Google BigQuery Overview
There’s no one-size-fits-all data warehouse, however today’s cloud-based data warehouses are serverless, easy to manage and will scale alongside your company and voluminous data. Here’s a quick look at Google BigQuery’s system:
A fully-managed petabyte-scalable systems
Leverages parallel processing
Leverages columnar storage
Geared towards interactive reporting on large data sets
Supports integrations and connections with various applications, including Business Intelligence tools
Performance: Throughput and Concurrency
Even though today’s leading data warehouses are cloud-based systems, that doesn’t mean that they don’t run into any sort of limitations. We’re focusing our performance analysis on throughput and concurrency, as these are the major bottlenecks when companies look into interactive reporting for the voluminous data set.
Throughput is the speed at which a data warehouse can perform queries. For those evaluating a data warehouse, throughput is a key area of consideration because customers want to ensure that they’re investing time, resources and money into a system that will adapt and perform to their needs.
Similarly, Google BigQuery relies on Dremel and Colossus (the successor to the Google File System) for its storage, compute and memory. These systems are then tied together by Google’s Petabit Jupiter Network, which allows every node to communicate with other nodes at 10G. In leveraging this architecture, one of the major benefits is bottleneck-free scaling and concurrency.
In March 2016, Google BigQuery released Capacitor, an updated and state-of-the-art storage format system within the data warehouse. Capacitor is designed to take an opinionated approach to storage in allowing background processes to constantly evaluate customers’ usage patterns and automatically optimized these datasets to improve performance. This process is entirely automated and transparent for end users, which allows queries to run at a faster rate because it adapts to a user’s Google BigQuery environment. For further information on Google BigQuery’s throughput, you can read their Medium post.
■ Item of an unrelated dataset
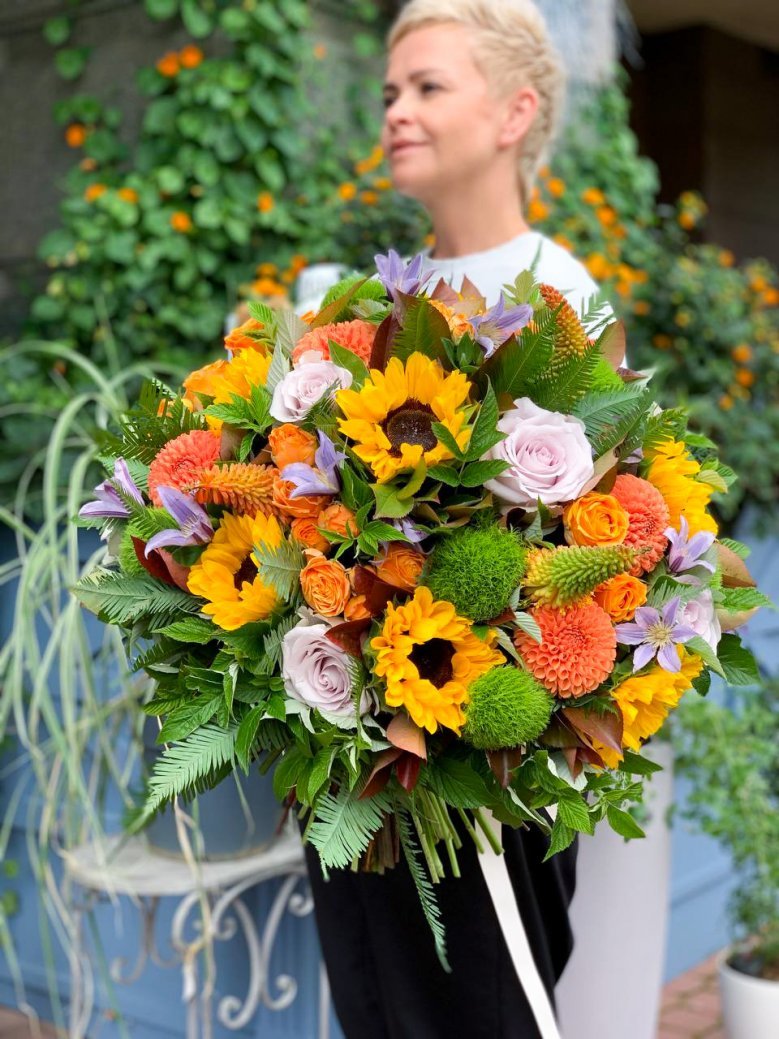 Авторский букет цветов — подсолнухи, садовые розы и георгины

Every data warehouse has concurrency limitations, or the maximum number of queries you can run simultaneously without leading to slowness in generating interactive reports. Ideally, all queries could operate without any contention for resources, under the hood, every data warehouse has resource constraints and thus practical limits on concurrent workload capabilities.
On the other hand, Google BigQuery isn’t immune to the 50 query concurrency limit. Although not a traditional MPP database, Google BigQuery still uses MPP concepts, only on a much larger scale. It introduces a few innovations that workaround the MPP limits, in particular concurrency limits:
Separating compute and storage: Historically, MPP systems couple compute and storage in order to avoid the performance hit of fetching data across the network. However, this limits the system’s ability to scale compute up and down based on the number of queries being processed. Google BigQuery separates compute and storage so that the system as a whole can scale compute to match the current query load at the cost of potentially increased network traffic for any particular query.
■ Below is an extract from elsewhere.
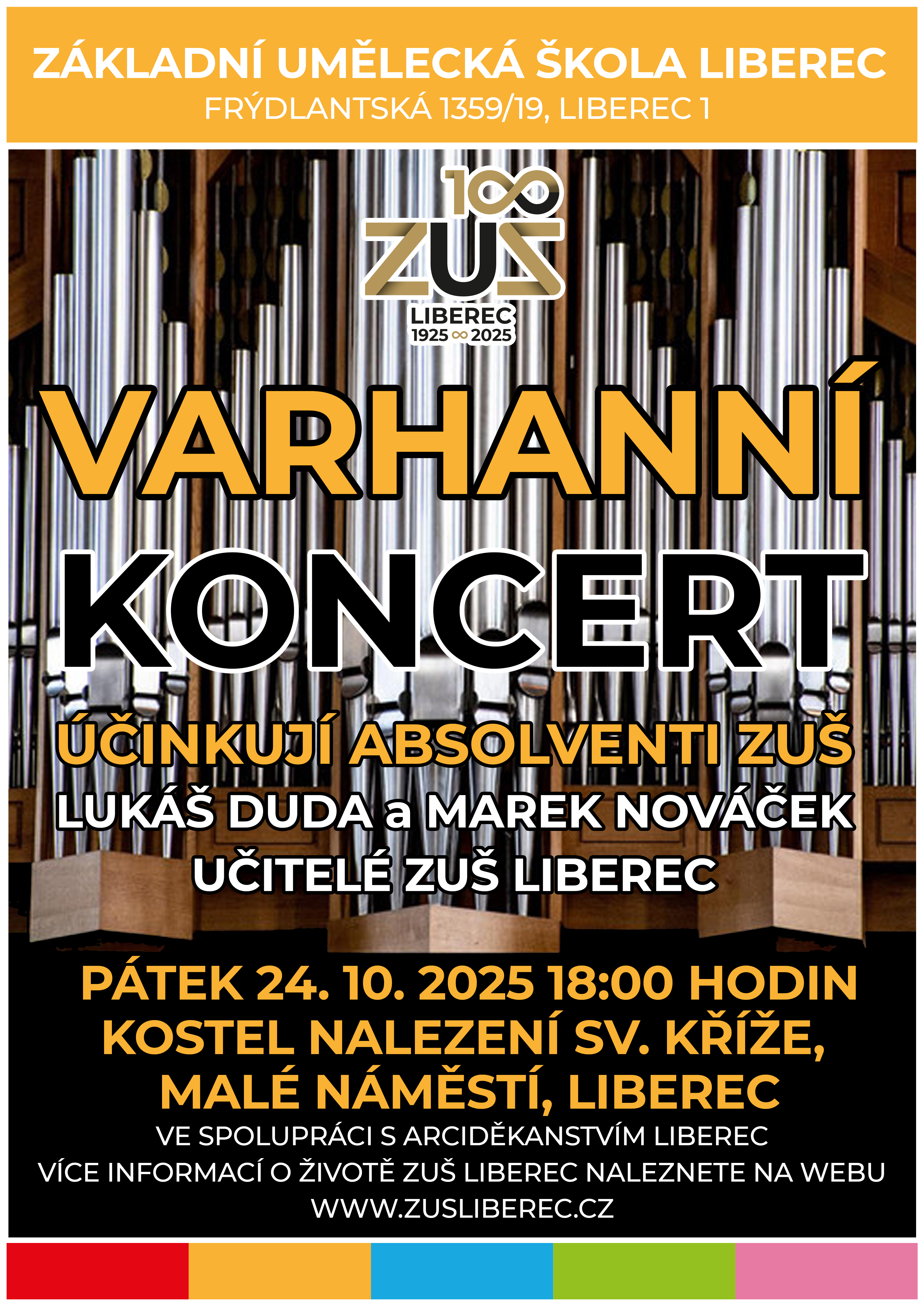 Pátek 24.10.2025 18:00 hodin, Liberec, Malé náměstí, kostel Nalezení sv. Křížeúčinkují žáci a učitelé hudebního oboru

Using an order of magnitude of more hardware: Unlike a traditional MPP system where administrators would have to plan the number of compute nodes a cluster should have ahead of time, Google dynamically allocates a varying number of servers. Where Amazon Redshift has a node limit of 128, Google is potentially using thousands of servers to process the query.
A downside to having more hardware means that Google provides this feature to all its users, meaning it’s a shared, multi-tenant system with other Google BigQuery users.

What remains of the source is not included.